For readability I'll denote $n$-bit strings as elements of $2^{\{0,\dots,n-1\}}$, e.g. 1011 $= \{0,1,3\}$

Then, for $n=3$ and $k=2$, the only "unique" combinations are the following: $$ \{\emptyset, \{0\}\}\\ \{\emptyset, \{0, 1\}\}\\ \{\emptyset, \{0, 1, 2\}\}\\ \{\{0\}, \{1\}\}\\ \{\{0\}, \{0, 1\}\}\\ \{\{0\}, \{1, 2\}\}\\ \{\{0\}, \{0, 1, 2\}\}\\ \{\{0, 1\}, \{0, 2\}\}\\ \{\{0, 1\}, \{0, 1, 2\}\}\\ $$ $\{\{0\}, \{0, 2\}\}$ is not "unique", as it can be mapped to $\{\{0\}, \{0, 1\}\}$ by permuting $1$ and $2$.

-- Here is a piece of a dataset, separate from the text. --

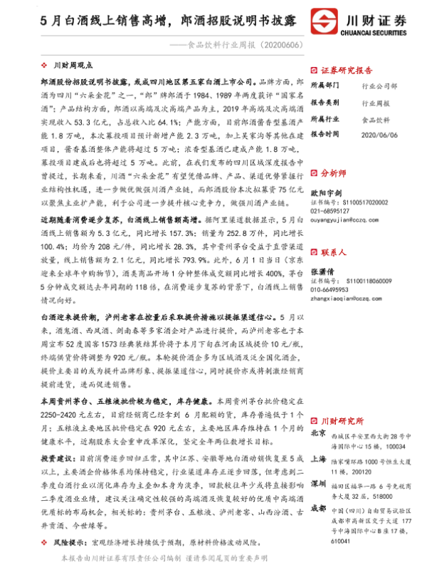 【川财证券】【20200606】食品饮料行业周报:5月白酒线上销售高增,郎酒招股说明书披露-13页 证券期货研究报告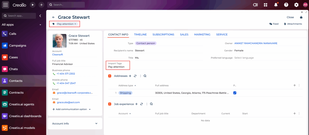 In Creatio, Tags are stored in a related object (many-to-many relationship). The standard Excel import allows mapping fields that belong directly to the Contact object, but it does not easily allow mapping to the Tag relationship.

Since it seems to me that others should have had similar problems before:

Is there a name for this subset of combinations?

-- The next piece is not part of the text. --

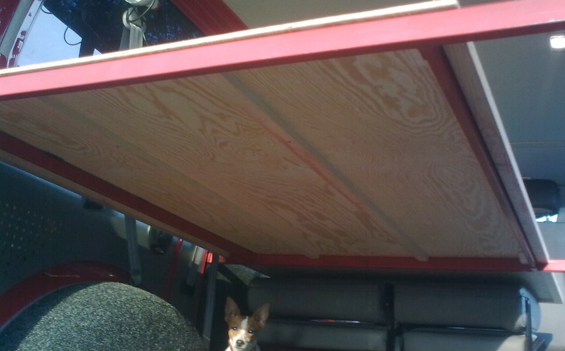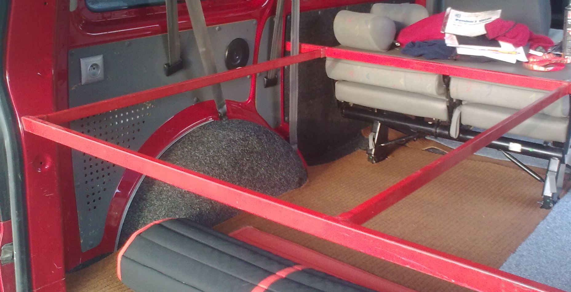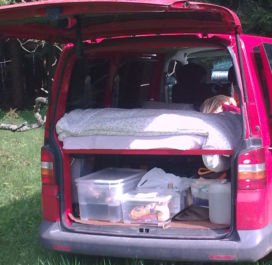 Začínali jsme v autě přespávat na dozadu sklopeném opěradle zadní lavice a vyrovnávací deskou mezi zadní a střední. Všelijaké vypodkládání však neskýtalo mnoho pohodlí.

P.S.: My best guess at a formal definition would be a set $X$, such that forall $A \in {2^n}^k$ ($k$-combinations of the powerset of $\{0,\dots,n-1\}$) $$ A \in X \Leftrightarrow A = \min\limits_\sigma(\sigma(A)) $$ i.e., $A$ is in $X$, iff it is the minimal element in the set of all pictures over all permutations (lifting permutations to sets of sets and taking the minimum over the lexicographical ordering).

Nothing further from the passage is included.